* EXERCISE REQUIREMENTS *
From first line to last, copy the listing exactly and omit its pictures.

* INFORMATION SHOWN *
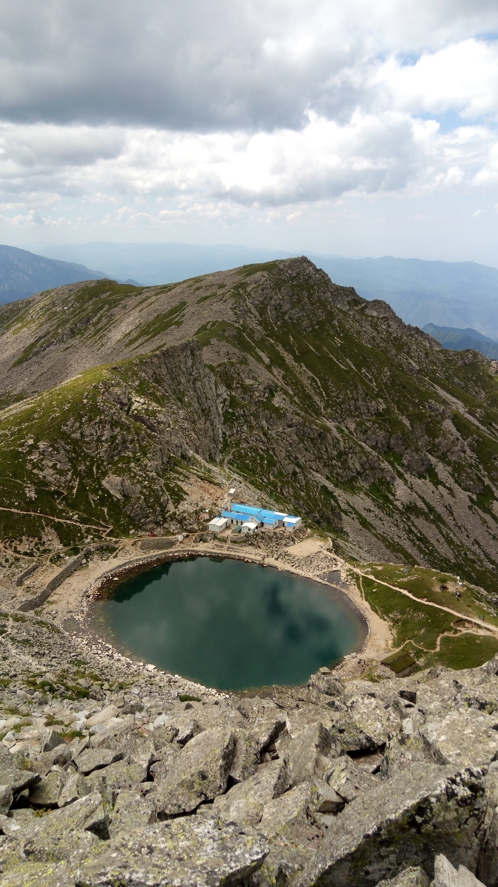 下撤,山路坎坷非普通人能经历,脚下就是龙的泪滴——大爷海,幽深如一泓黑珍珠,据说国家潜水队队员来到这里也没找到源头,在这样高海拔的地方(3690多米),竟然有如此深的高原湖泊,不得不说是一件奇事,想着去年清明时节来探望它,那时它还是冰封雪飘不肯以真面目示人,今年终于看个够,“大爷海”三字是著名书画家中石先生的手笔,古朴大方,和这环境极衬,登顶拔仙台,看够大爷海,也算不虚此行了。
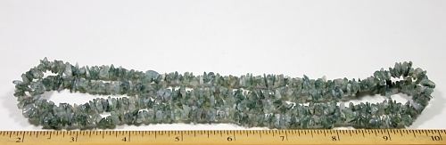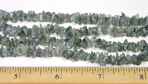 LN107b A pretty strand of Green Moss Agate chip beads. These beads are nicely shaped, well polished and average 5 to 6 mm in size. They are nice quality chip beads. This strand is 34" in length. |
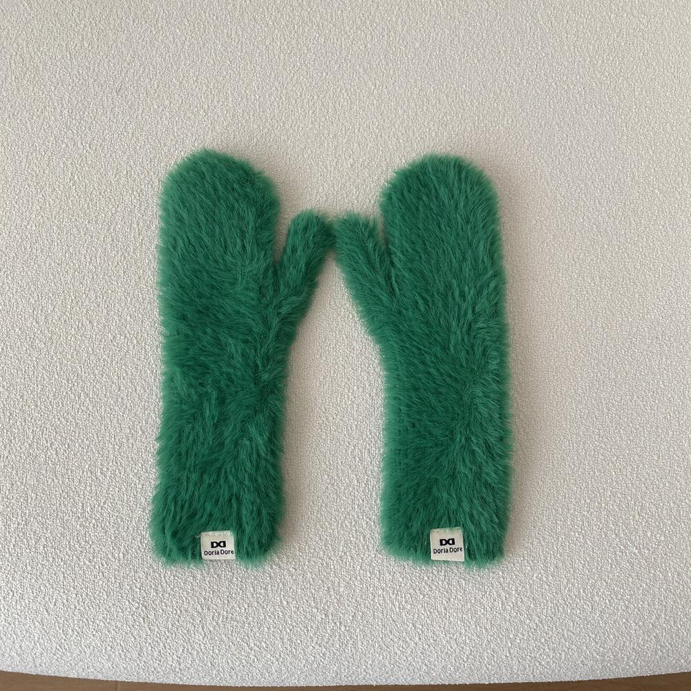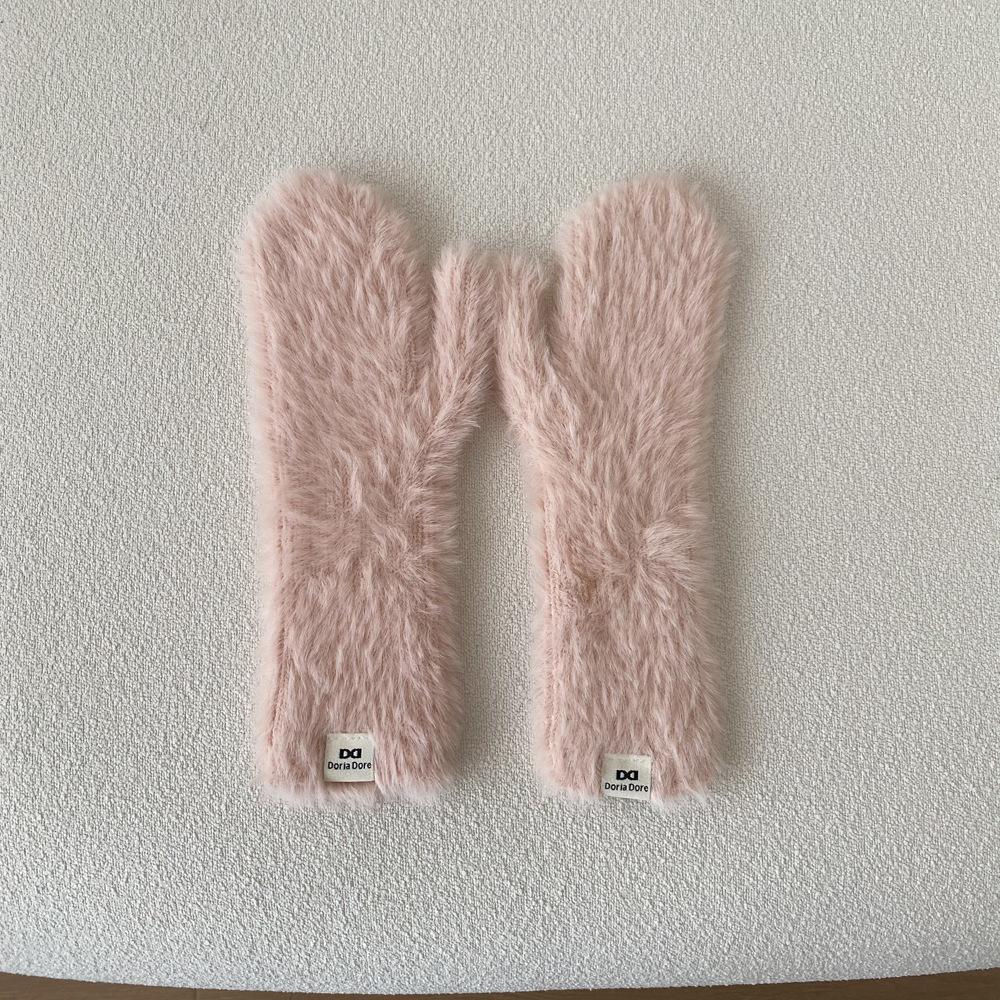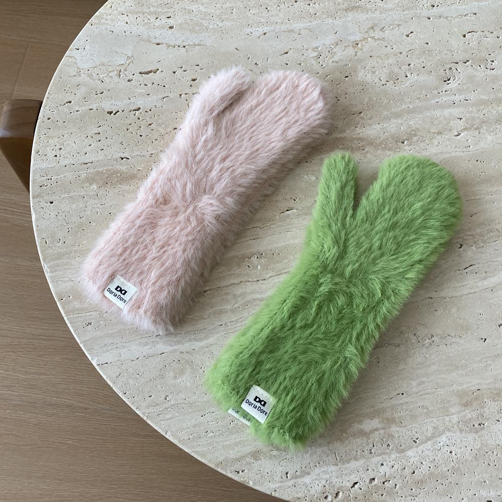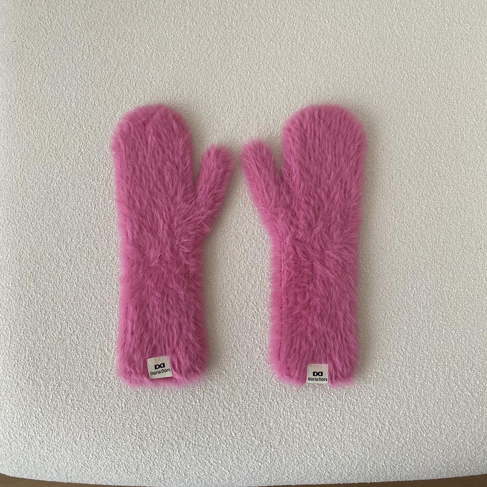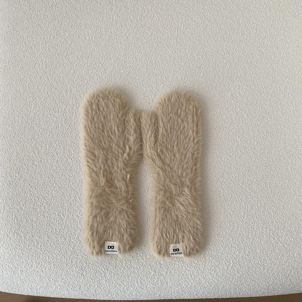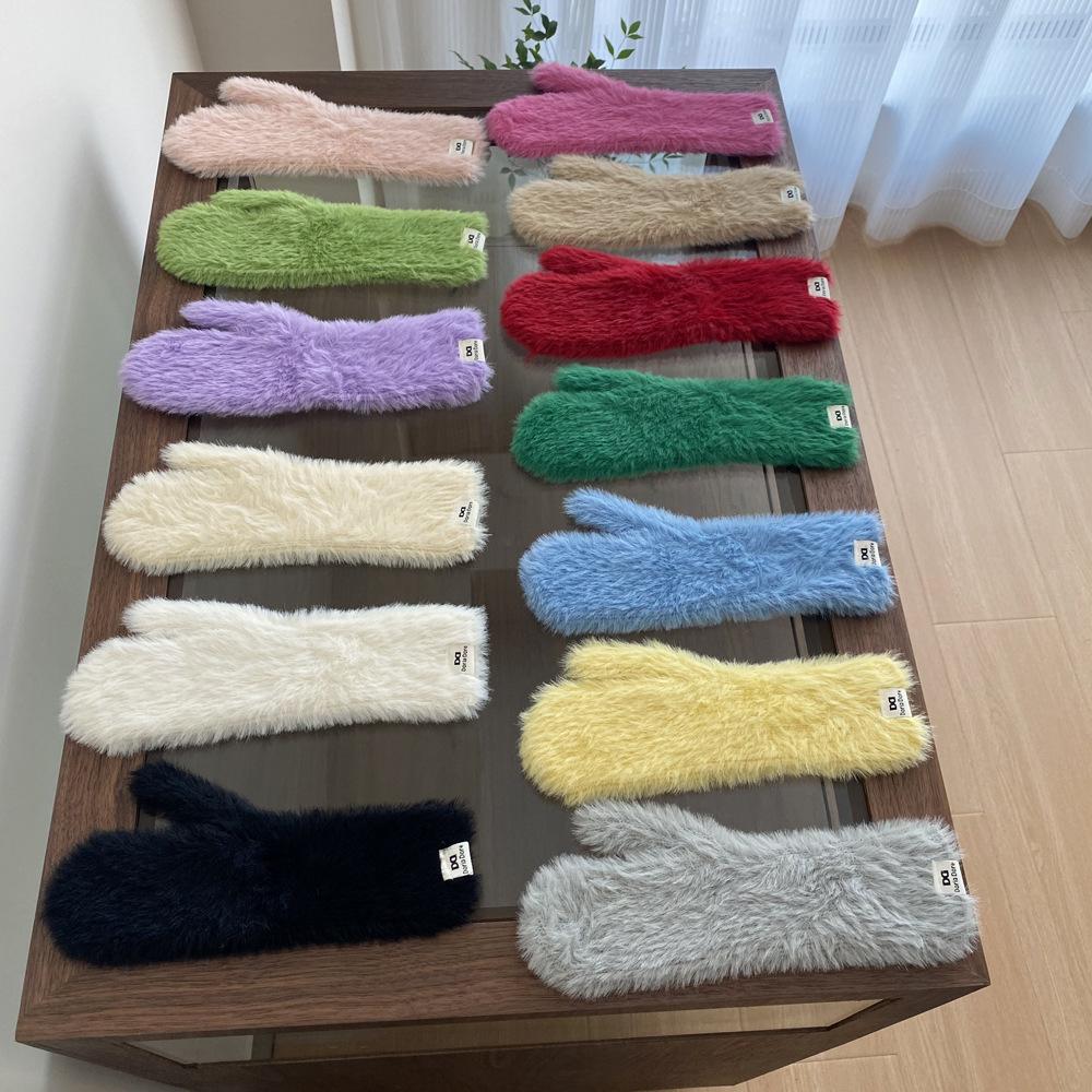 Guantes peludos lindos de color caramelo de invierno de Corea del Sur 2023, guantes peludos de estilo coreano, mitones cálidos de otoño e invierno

* WRITTEN ANSWER *
 下撤,山路坎坷非普通人能经历,脚下就是龙的泪滴——大爷海,幽深如一泓黑珍珠,据说国家潜水队队员来到这里也没找到源头,在这样高海拔的地方(3690多米),竟然有如此深的高原湖泊,不得不说是一件奇事,想着去年清明时节来探望它,那时它还是冰封雪飘不肯以真面目示人,今年终于看个够,“大爷海”三字是著名书画家中石先生的手笔,古朴大方,和这环境极衬,登顶拔仙台,看够大爷海,也算不虚此行了。
 LN107b A pretty strand of Green Moss Agate chip beads. These beads are nicely shaped, well polished and average 5 to 6 mm in size. They are nice quality chip beads. This strand is 34" in length. |
 Guantes peludos lindos de color caramelo de invierno de Corea del Sur 2023, guantes peludos de estilo coreano, mitones cálidos de otoño e invierno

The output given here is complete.